By Mandy Carter
I thought texting was my major weakness. Turns out there’s a list.
It’s looking more and more like organization should be the focus of education for me. You’d think I’d have it mastered, having been a teacher and stuff.
I was that oddball (shocker) that had the seek and find desk. I knew where everything was, just not necessarily which level of the pile. I tried the little labeled trays, but coordination is pretty high on the aforementioned list, so after they got knocked off so many times, leaving mix-n-match paper trails, I gave up and returned to the pile method. Those papers were just safer right in the middle of the desk.
As you can imagine, the house is no different. As a professional piler, I’m raising the next generation of pilers. Their dad is a slinger, so we’re making slinger-pilers. If you recall the snake column, there was an issue finding an appropriate snake-slaying tool. That was a direct result of slinging.
I have a theory.
When you’re short on tools anyway, and then on top of that, you don’t put them away after you use them, you have to spend a rather frustrating amount of time looking for them. This, as a rule, occurs when you have the least amount of time to spend on a scavenger hunt.
Naturally, if you’ve already exhausted your patience searching for a tool you may not actually even own, by the time you find something you think might work in its place, the automatic reaction when it doesn’t is to sling it across the yard.
I don’t yet have a theory for socks stuffed into the recliner, or T-shirts lying in the hallway or towels in the bathroom floor, but I know why we can never find clean any of those.
As the junk accumulates and new piles appear at random intervals, I find I’m not as good at remembering which stack I saw this or that in, or which corner of the yard Mike slung something into.
I really thought my time had come when I went to the standard spot where I usually find that wrench thing he uses to change the oil in his truck -- and it wasn’t there. What? It’s always there, right between the front wheels. He changes the oil where he parks, and he always leaves the oil pan and that thing right beside it. It stays there rain or shine when he leaves to go to work, and it’s always sitting right there when he parks in the evening. I started using the oil pan as a daytime rain gauge.
He never remembers that, so while he’s muttering under his breath because he can’t find it, I just go crawl under his truck and get it. I get a sort of twisted satisfaction out of elaborately dusting the grass off my knees and then quietly handing it to him.
But this time, it wasn’t there. I was really upset. It had become the one thing I could count on, and IT WASN’T THERE. Turns out the dog is a piler, too, and she’s started collecting all the things we leave in the yard that she can carry. I never asked Zeke where he found that hoe we smashed the snake with, but I’ll lay odds it was in the flower bed where the dog sleeps. Why not? There aren’t any flowers in there.

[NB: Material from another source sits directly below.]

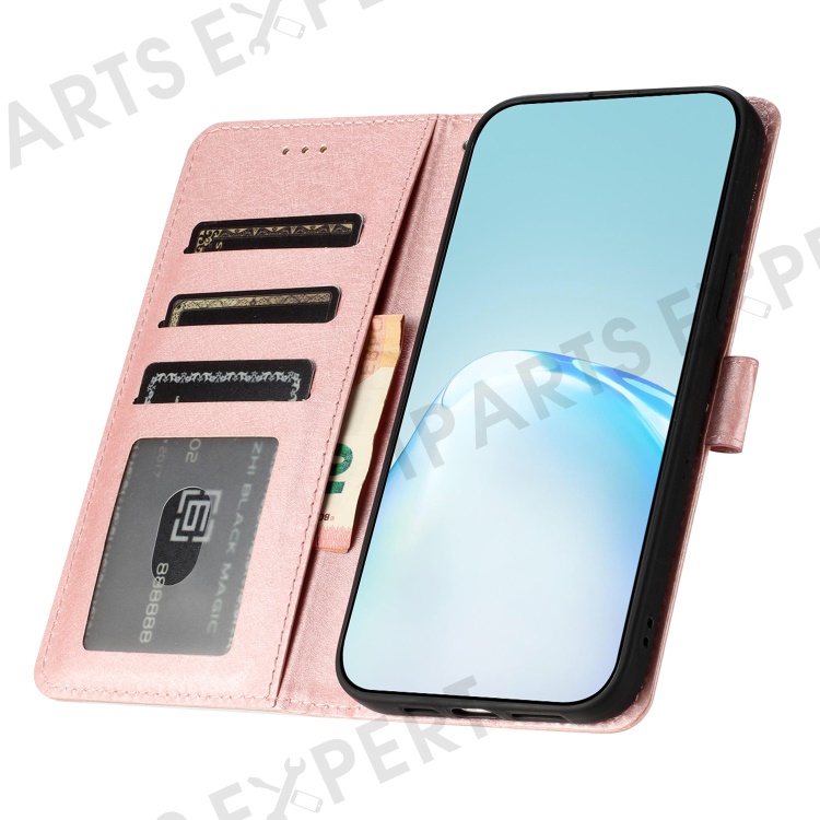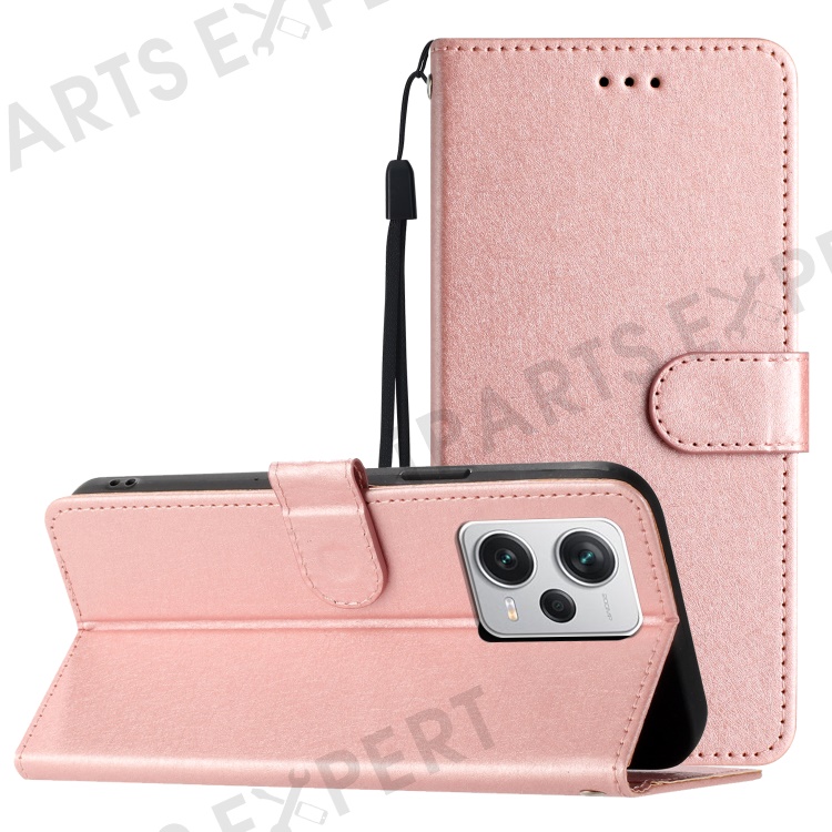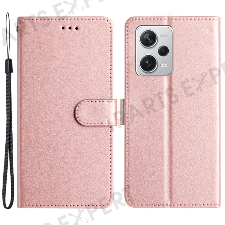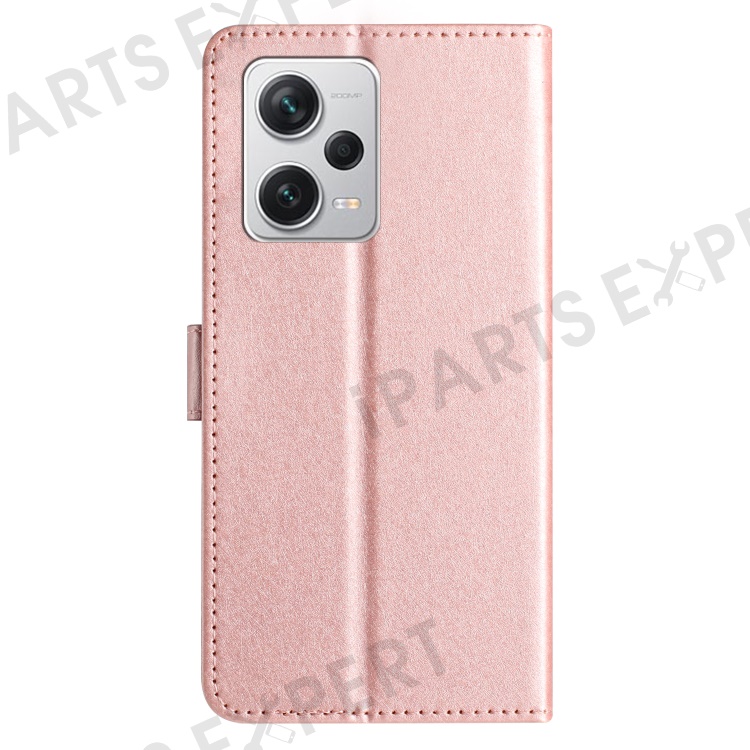 For Xiaomi Redmi Note 12 Pro 5G / 12 Pro Speed 5G / Poco X5 Pro 5G Leather Flip Shell Wallet Stand Silk Texture Phone Case - Rose Gold

I actually used to work pretty hard at putting things back where they belonged and trying to keep things picked up, so I was the resident expert on where everything was. Every conversation seemed to start with “Have you seen ...” or “Do you know where ...” fill in the blank. The speaker varied, but the response was the same. Sigh. Most of the time I could come up with whatever was lost.
Zeke, bless his heart, rarely makes me look for anything. He piles and slings in his own room — we don’t go in there — but I’d like to have the hours back I’ve spent looking for Mike’s flash drive, or Zoey’s other shoe. And batteries. And matches.
I decided it wasn’t a fun game, however, so I took my toys and went home, so to speak ... now I can’t find them.
The other morning I was late to work, like that’s a bulletin, when I realized I had the interviews for four different stories in the one notebook I could not find. I flew through the house in hysteria, instantly transforming into a slinger. Nothing. I ran to the truck and slung some more. Still nothing. Finally, I knew I had no choice.
I ran into the bedroom, where Mike was peacefully sleeping through two storms, mine and the weather.
I pounced.
“Have you seen that black notebook I had yesterday? It has my life in it and I CAN’T FIND IT.”
He wasn’t awake enough to realize he shouldn’t ask me if I’d looked everywhere. I think I might have yelled a little.
It really is always in the last place you look. Guess where it was. At the barn. I don’t know why, but that’s where it was. Kind of like finding your car keys in the refrigerator, don’t you think?
Once he was awake enough to remember my early morning attack, he called me to let me know he was mad, but he had to try twice.
I have two phones now. One is my personal cell, the one whose space bar doesn’t work, and the other is my work cell. It’s good I have them. I use the one I can find to call and find the one I’ve lost. Lucky they’re always lost somewhere in the house. Yesterday, that didn’t work out, though.
I lost them both and had to borrow Mike’s phone. Fortunately, he wasn’t mad anymore.